Kint J A, Dacremont G, Carton D, Orye E, Hooft C
Science. 1973 Jul 27;181(4097):352-4. doi: 10.1126/science.181.4097.352.
Total activities of acid hydrolases in liver of two patients with mucopolysaccharidosis are decreased for beta-galactosidase, alpha-galactosidase, and arylsulfatase A; total activities of four other hydrolases are normal or increased. The isoenzyme distribution of five hydrolases (beta-glucuronidase, alpha-glucosidase, beta- galactosidase, N-acetyl-beta-glucosaminidase, and alpha-galactosidase) is ábnormal in that the isoelectric points (by isoelectric focusing) of these enzymes are more acid than in control liver. Along with the isoenzyme abnormalities different kinds of glycolipids were stored in kidney, liver, and brain. The isoenzyme abnormalities can be reproduced in vitro by addition of chondroitin sulfate to a homogenate of normal liver, suggesting that stable binding occurs between mucopolysaccharides and the hydrolase molecules. After the addition of chondroitin sulfate, the total activity of beta-galactosidase is inhibited, whereas other hydrolases are affected only slightly or not at all.

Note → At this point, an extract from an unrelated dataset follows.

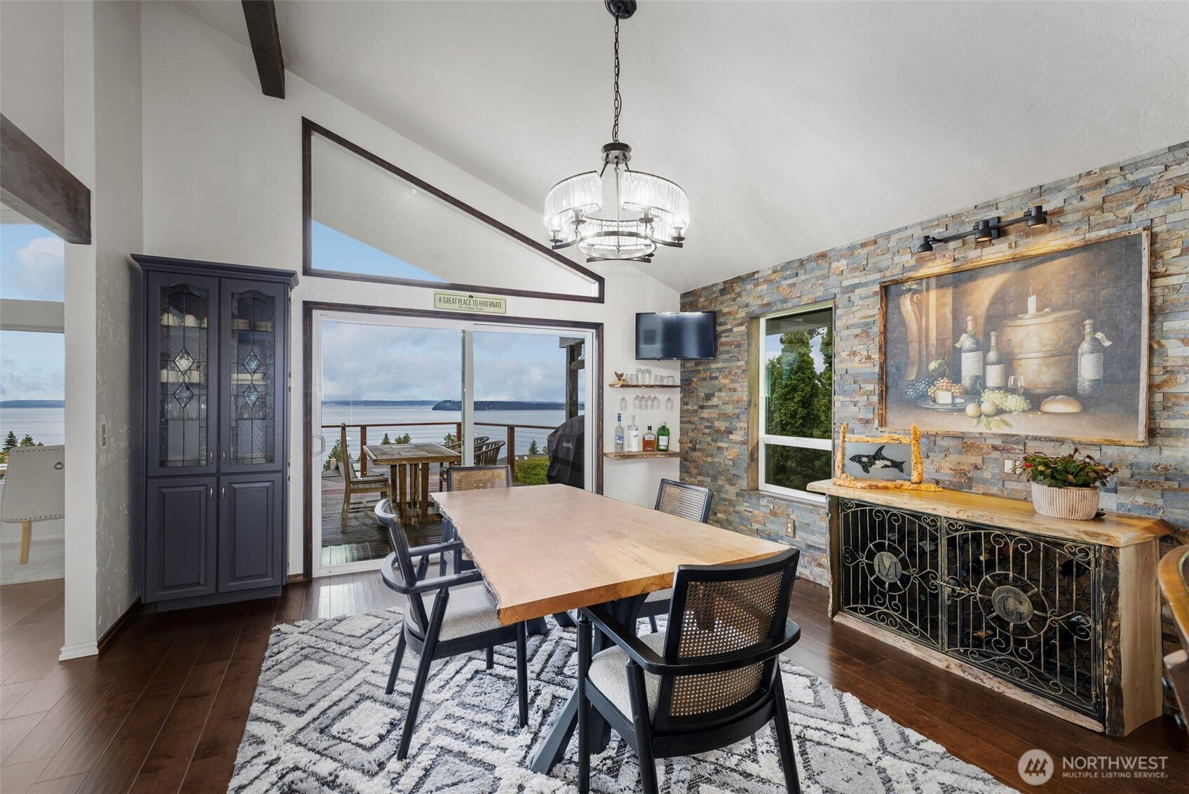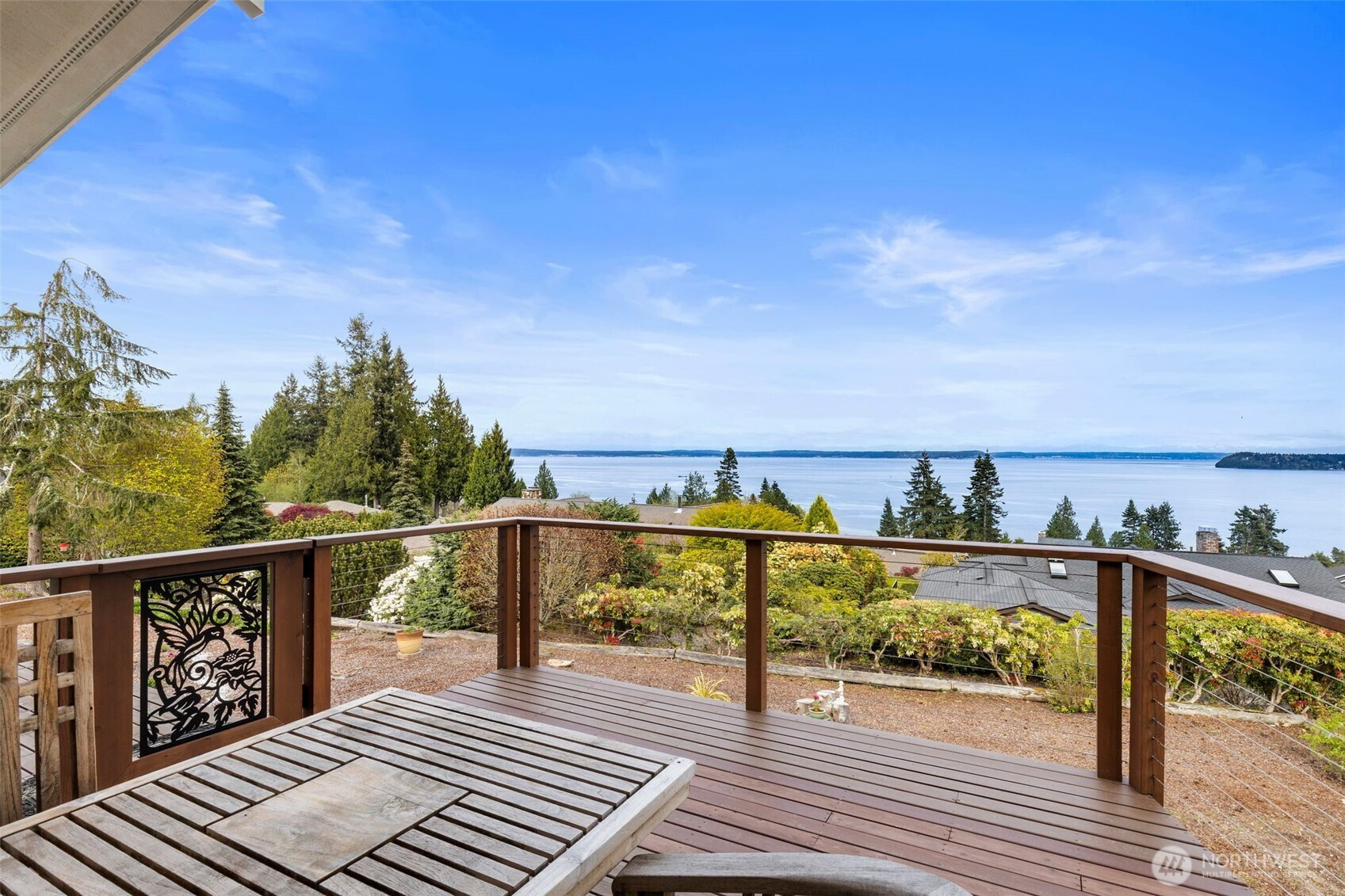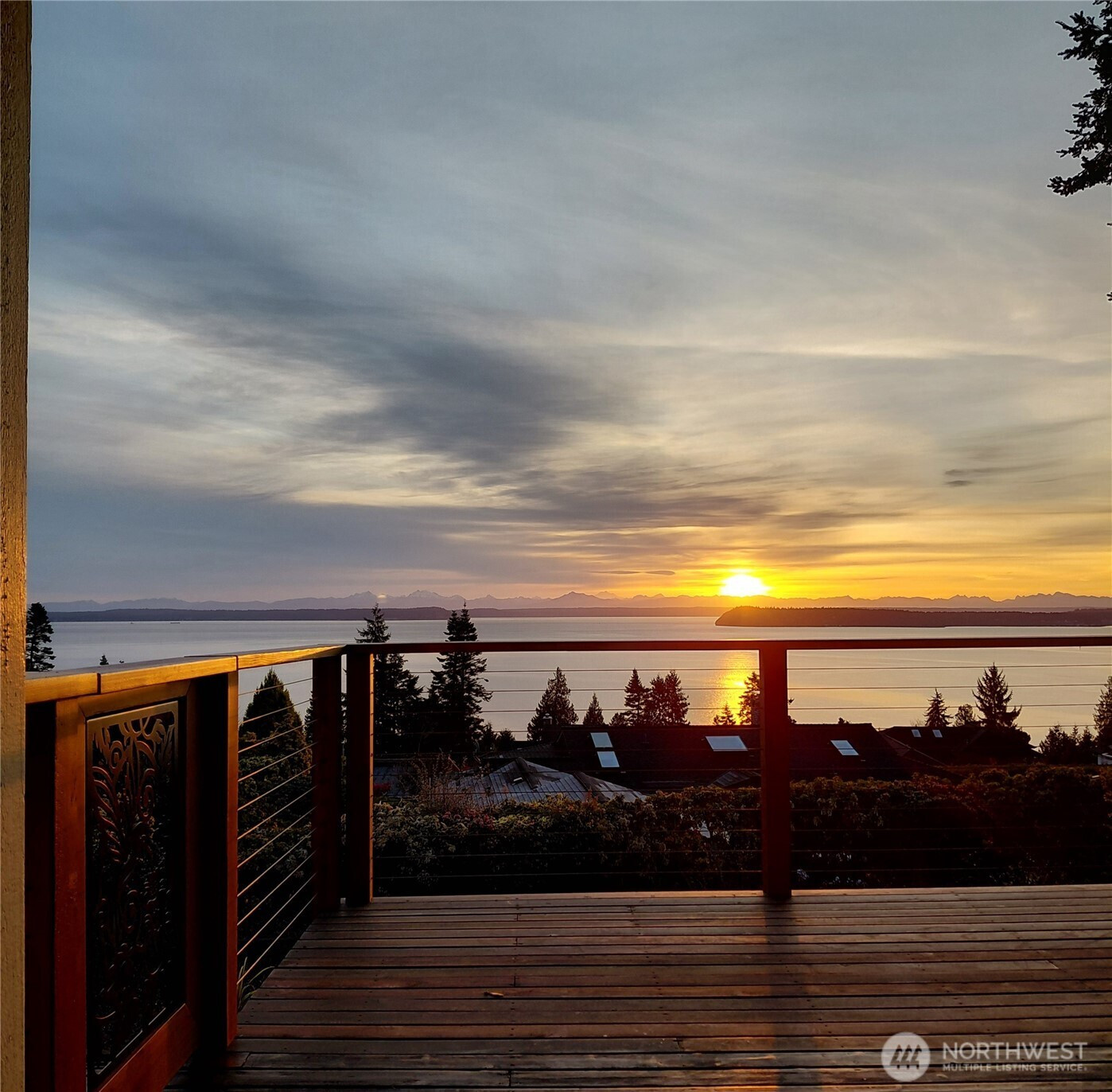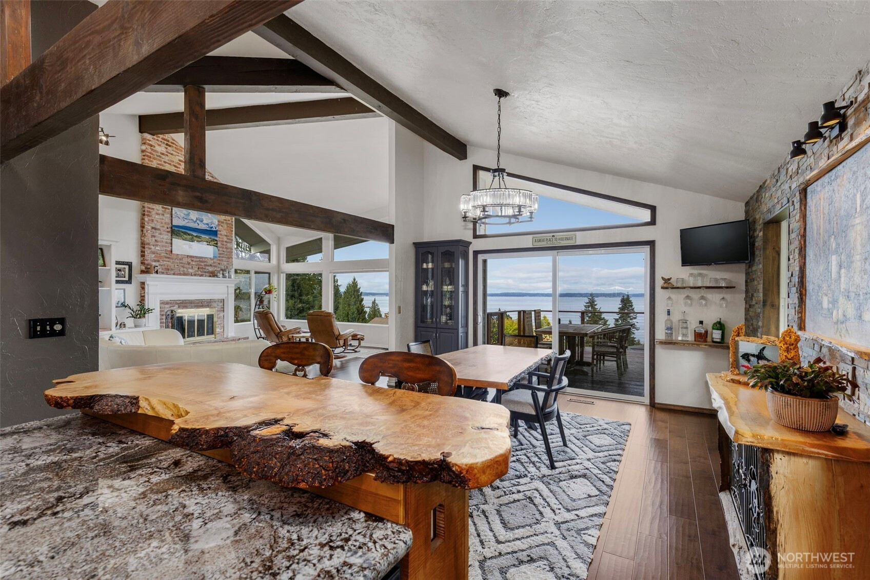 Discover a stunning view home in Port Ludlow capturing breathtaking 160° panoramic views of Admiralty Inlet, Puget Sound and the Cascade Mountains. This architecturally inspired residence blends artistic design with everyday comfort, featuring vaulted ceilings, engineered hardwood floors, and expansive walls of windows that flood the home with natural light and showcase unforgettable sunrise vistas. The chef’s kitchen is a showpiece with a one of a kind live-edge breakfast bar, built-in live-edge wine bar, and seamless flow to the dining area and covered deck—perfect for year-round indoor-outdoor entertaining. The main-level primary suite offers a private retreat with custom art feature wall, its own secluded deck, en-suite with soaking tub, tiled walk-in shower & heated floors. The lower-level walk-out basement is ideal for multi-generational living, guests, or flexible use, featuring two additional bedrooms, a spacious living room, wet and dry bar, and an updated bathroom. The private over-the-edge home theater with built-in seating and surround sound creates an exceptional entertainment experience! Settle in for the drama! Outside, enjoy easy-care landscaping, multiple view decks & built-in firepit—perfect for relaxing under the stars. Located in the heart of Port Ludlow, this home offers a rare combination of luxury, privacy, and Pacific Northwest lifestyle with world-class views, outdoor recreation, marina access, private club, and nearby golf amenities.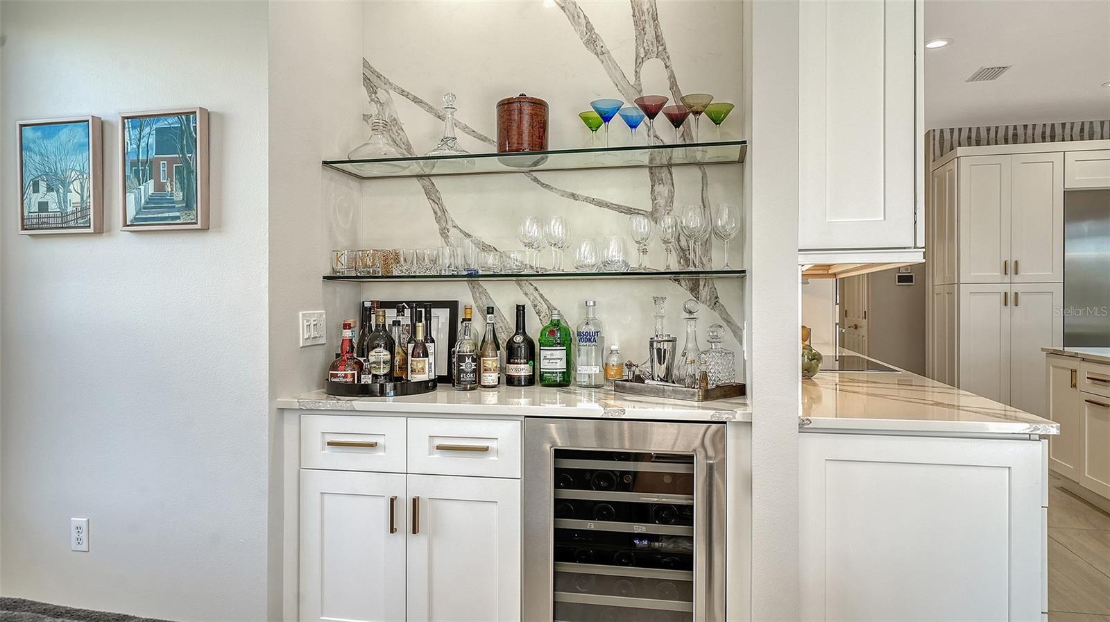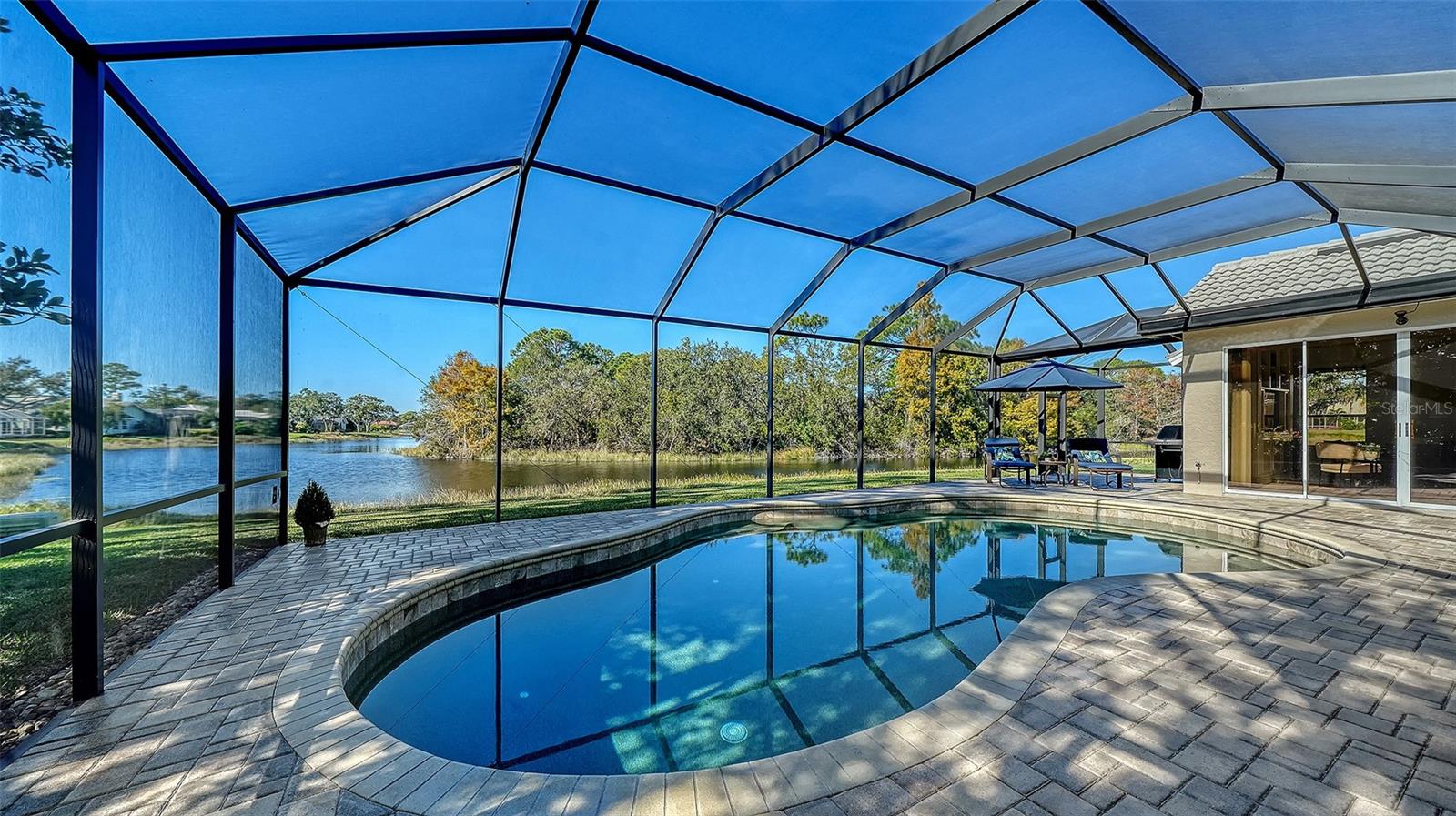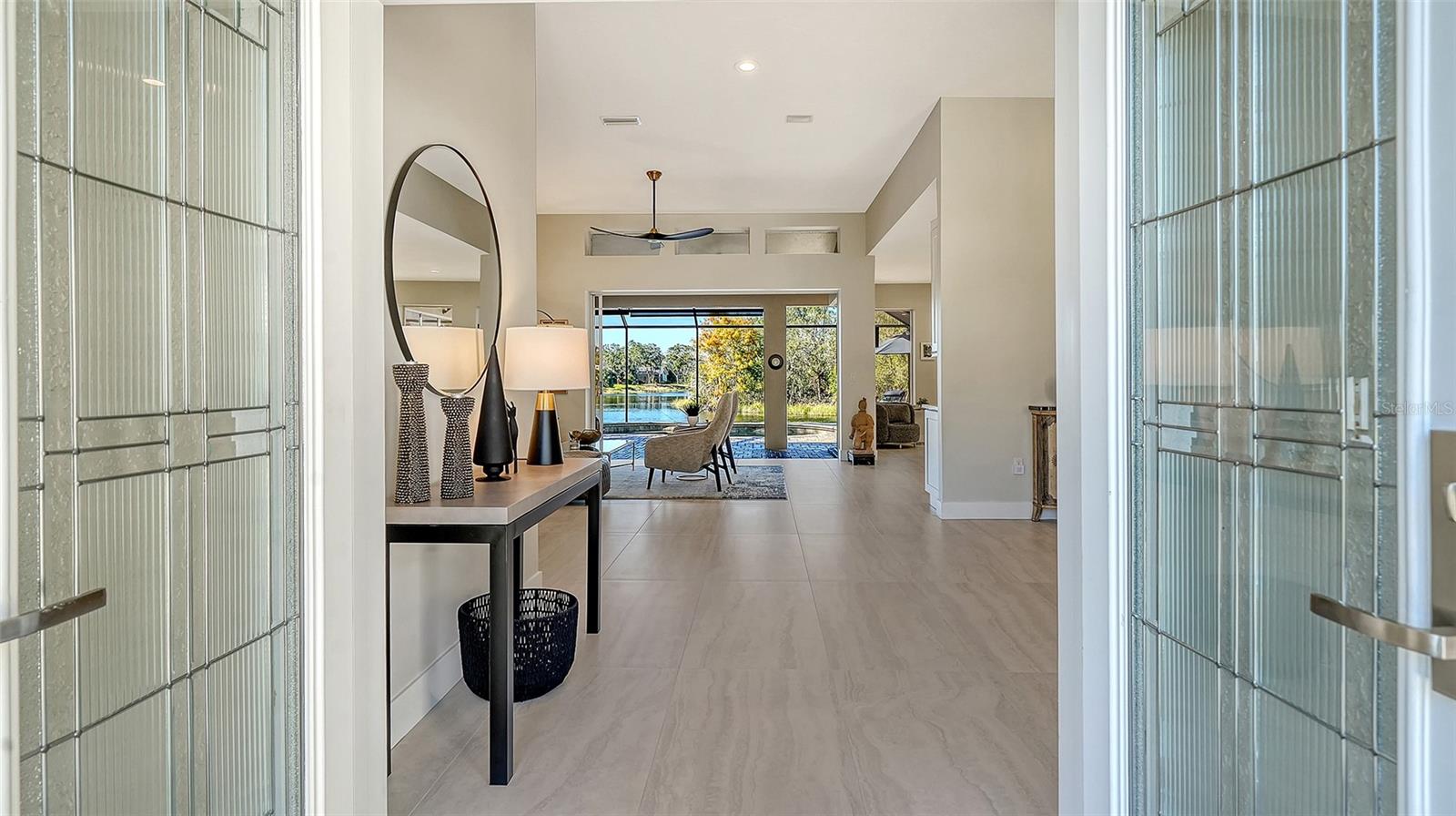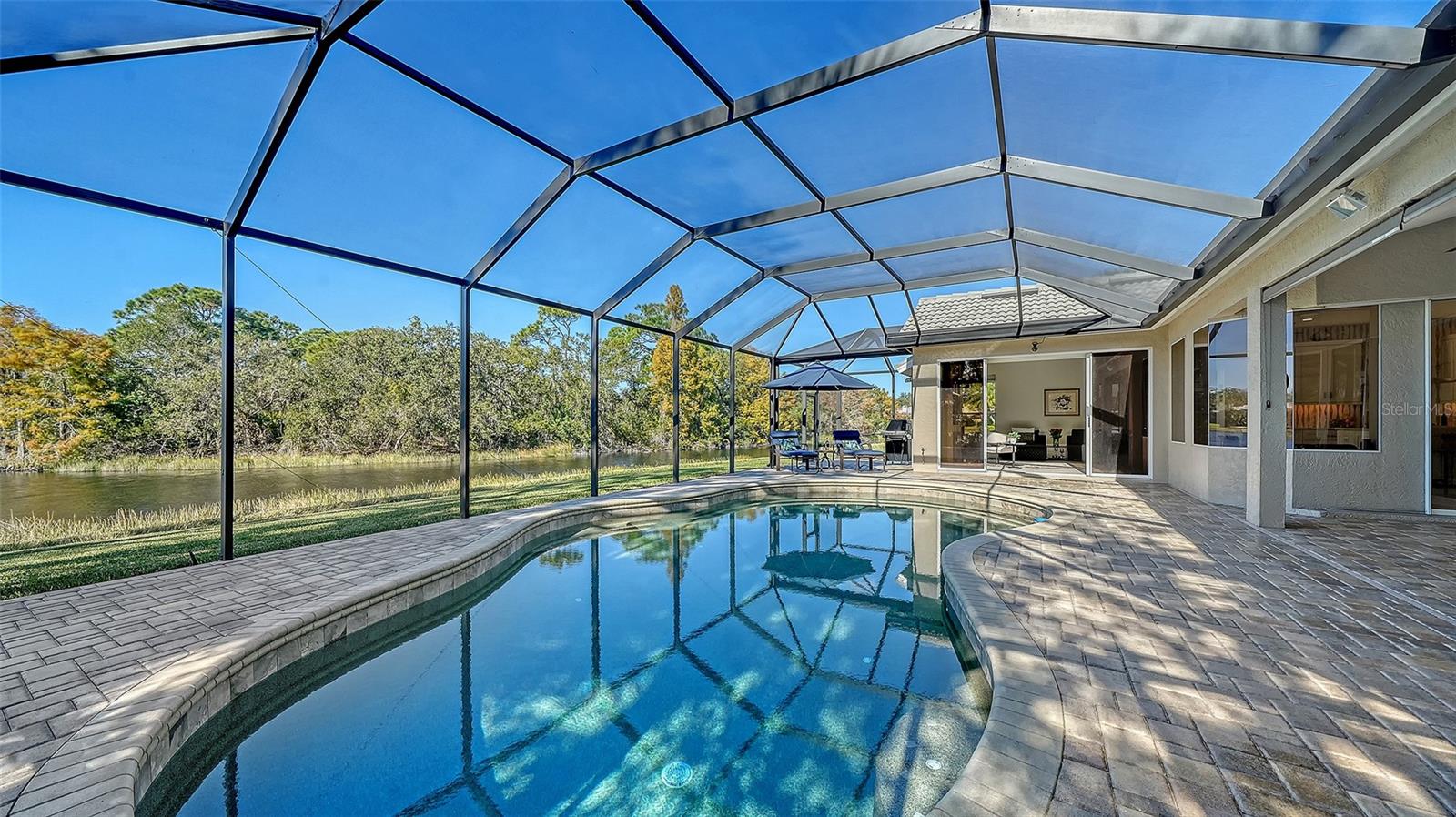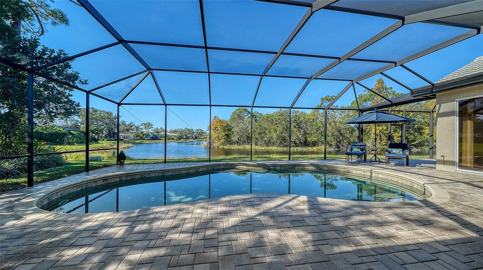 Under contract, (multiple offers) accepting backup offers. Experience refined Sarasota living in this updated four-bedroom, two-bath residence in the Deer Creek community. Italian tile flooring throughout the main living areas enhances the open design while complementing abundant natural light. The owners restructured the floor plan by removing select interior walls to create expanded gathering spaces designed for entertaining and to maximize panoramic water views. The enhanced layout improves sightlines and flow throughout the main living areas. A gourmet kitchen features a designer Italian marble backsplash, quartz countertops and an expansive center island, complemented by premium Thermador appliances including an induction cooktop. The open configuration supports both everyday living and easy entertaining. The luxurious quartz continues into the family room bar and rises along the wall for a beautiful seamless finish. A custom built-in bookcase and television unit anchors the family room with integrated storage. Quartz countertops are also featured in the laundry room, creating consistency across the living spaces. Positioned to capture expansive open-water views, the residence offers privacy and a tranquil setting from multiple vantage points. Major system updates include a tile roof in 2018, AC in 2019 and water heater in 2022. Additional interior enhancements include all new interior door hardware, updated lighting fixtures and ceiling fans throughout the residence, contributing to a cohesive fresh interior aesthetic. Outdoor living areas have been upgraded with pavers throughout the entire pool deck and the pool cage has been repainted and rescreened. The outdoor area offers covered space for dining, entertaining or relaxing with premium water views. Located in the Deer Creek community of Sarasota, this residence combines upgraded finishes, privacy and seamless indoor-outdoor living. The fourth bedroom is currently utilized as an office.

两名黏多糖贮积症患者肝脏中酸性水解酶的总活性,对于β-半乳糖苷酶、α-半乳糖苷酶和芳基硫酸酯酶A而言有所降低;其他四种水解酶的总活性正常或升高。五种水解酶(β-葡萄糖醛酸酶、α-葡萄糖苷酶、β-半乳糖苷酶、N-乙酰-β-葡萄糖胺酶和α-半乳糖苷酶)的同工酶分布异常,即这些酶的等电点(通过等电聚焦法测定)比对照肝脏中的更偏酸性。除了同工酶异常外,不同种类的糖脂还贮积在肾脏、肝脏和大脑中。通过向正常肝脏匀浆中添加硫酸软骨素,可在体外重现同工酶异常,这表明黏多糖与水解酶分子之间发生了稳定结合。添加硫酸软骨素后,β-半乳糖苷酶的总活性受到抑制,而其他水解酶仅受到轻微影响或根本不受影响。